# PROBLEM STATEMENT
Exact copy, no pictures: take the lines of the listing below from the first through the one containing "为表达新年祝福与深切关怀,范".

# MATERIAL FOR THIS TASK

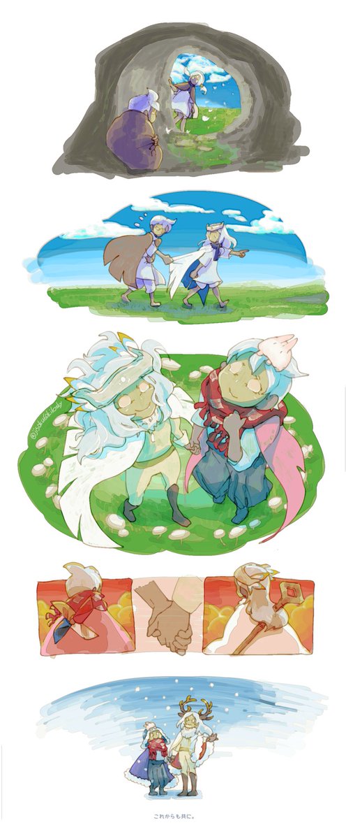 シロちゃんにお世話になった件がありお礼にイラストを描きました。 ここ半年近くのスクショからシロちゃんフォルダを作り初期ニカノノからクリスマスまで描かせていただきました。 なんと一枚も空飛んでるの無いんですwお散歩絵ばかりですが楽しかった! #sky星を紡ぐ子どもたち #thatskygame twitter.com/shiror0r0/stat…
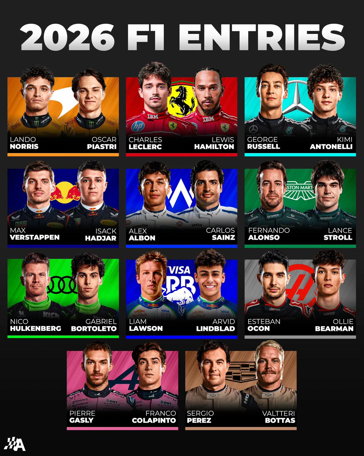 F1 2026赛季最后三个席位定了: -小红牛:劳森+林德布拉德 -大红牛:维斯
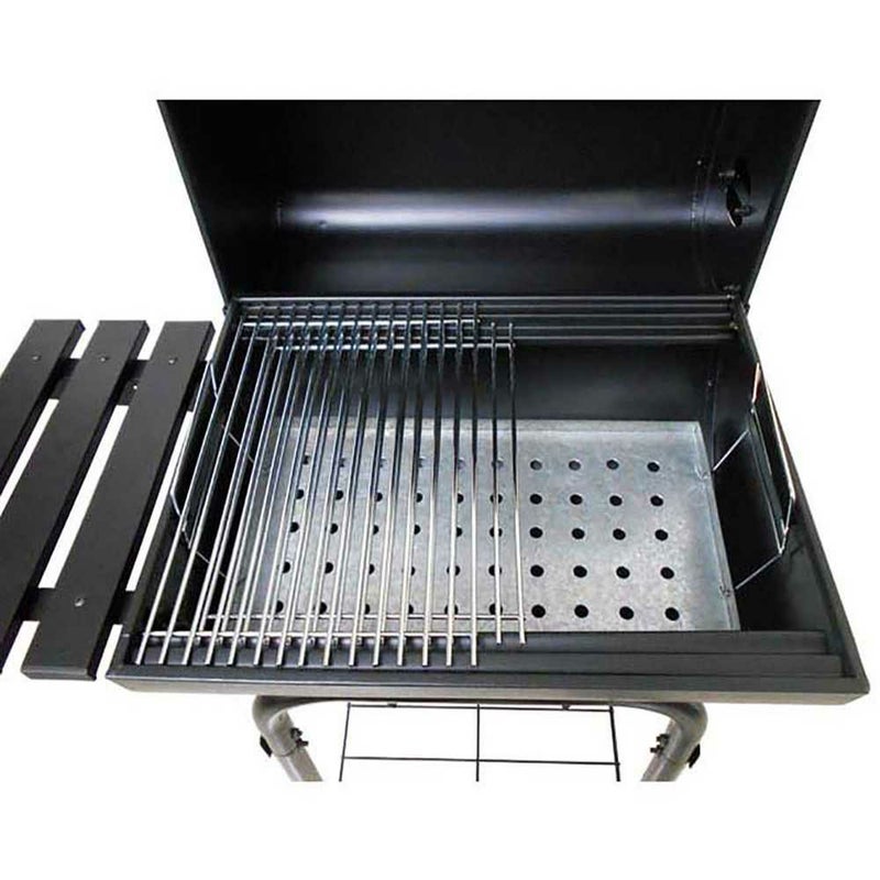 素材:本体・ふた・フレーム・サイドテーブル・棚網・煙突:鉄(エポキシ樹脂塗装)、バーベキュー網・ハンドル(目皿用):鉄(クロムめっき)、目皿:亜鉛めっき鋼板、バー:ステンレス鋼、車輪:ポリプロピレン
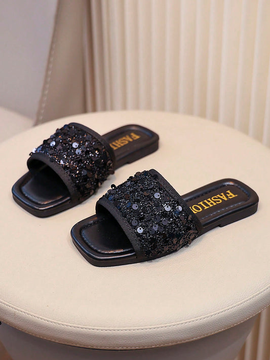 صنادل أميرة مرصعة بالراين لأزياء البنات
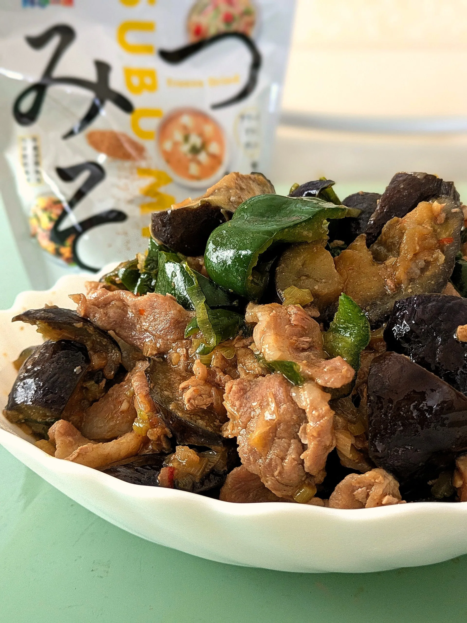 なす味噌炒めです。備蓄?調味料とともに😁#つぶみそ #PR
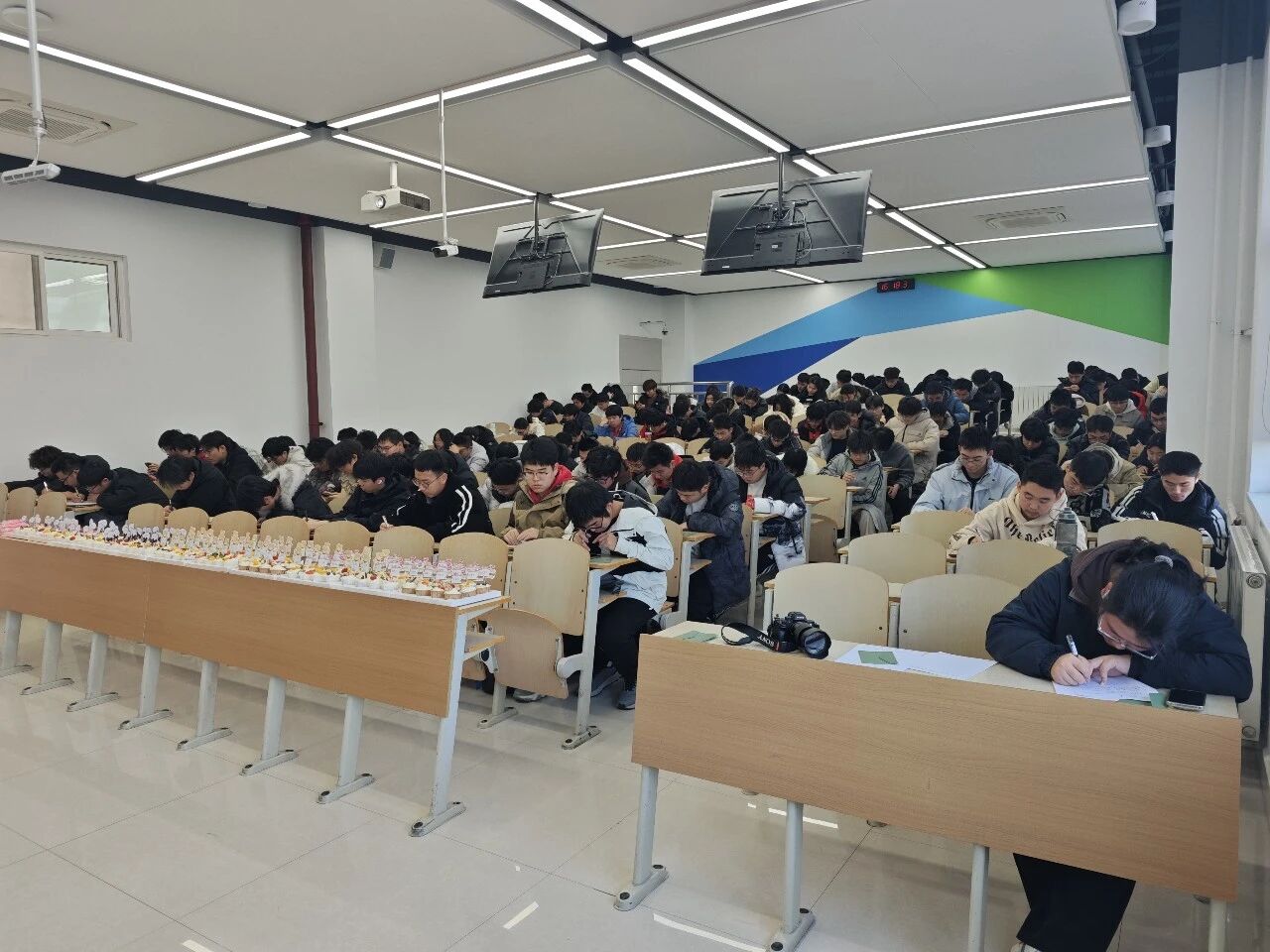 为表达新年祝福与深切关怀,范荣欣还为大家准备了一份特别的惊喜——写有每一位同学姓名的小蛋糕。121份小蛋糕在讲台前汇成一片,象征着独播库
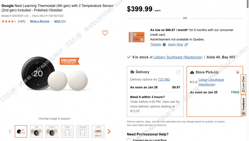 Google Nest Learning Thermostat (4th gen) with 2 Temperature Sensor (2nd gen) Included - Polished Obsidian

# RESPONSE BOX
 シロちゃんにお世話になった件がありお礼にイラストを描きました。 ここ半年近くのスクショからシロちゃんフォルダを作り初期ニカノノからクリスマスまで描かせていただきました。 なんと一枚も空飛んでるの無いんですwお散歩絵ばかりですが楽しかった! #sky星を紡ぐ子どもたち #thatskygame twitter.com/shiror0r0/stat…
 F1 2026赛季最后三个席位定了: -小红牛:劳森+林德布拉德 -大红牛:维斯
 素材:本体・ふた・フレーム・サイドテーブル・棚網・煙突:鉄(エポキシ樹脂塗装)、バーベキュー網・ハンドル(目皿用):鉄(クロムめっき)、目皿:亜鉛めっき鋼板、バー:ステンレス鋼、車輪:ポリプロピレン
 صنادل أميرة مرصعة بالراين لأزياء البنات
 なす味噌炒めです。備蓄?調味料とともに😁#つぶみそ #PR
 为表达新年祝福与深切关怀,范荣欣还为大家准备了一份特别的惊喜——写有每一位同学姓名的小蛋糕。121份小蛋糕在讲台前汇成一片,象征着独播库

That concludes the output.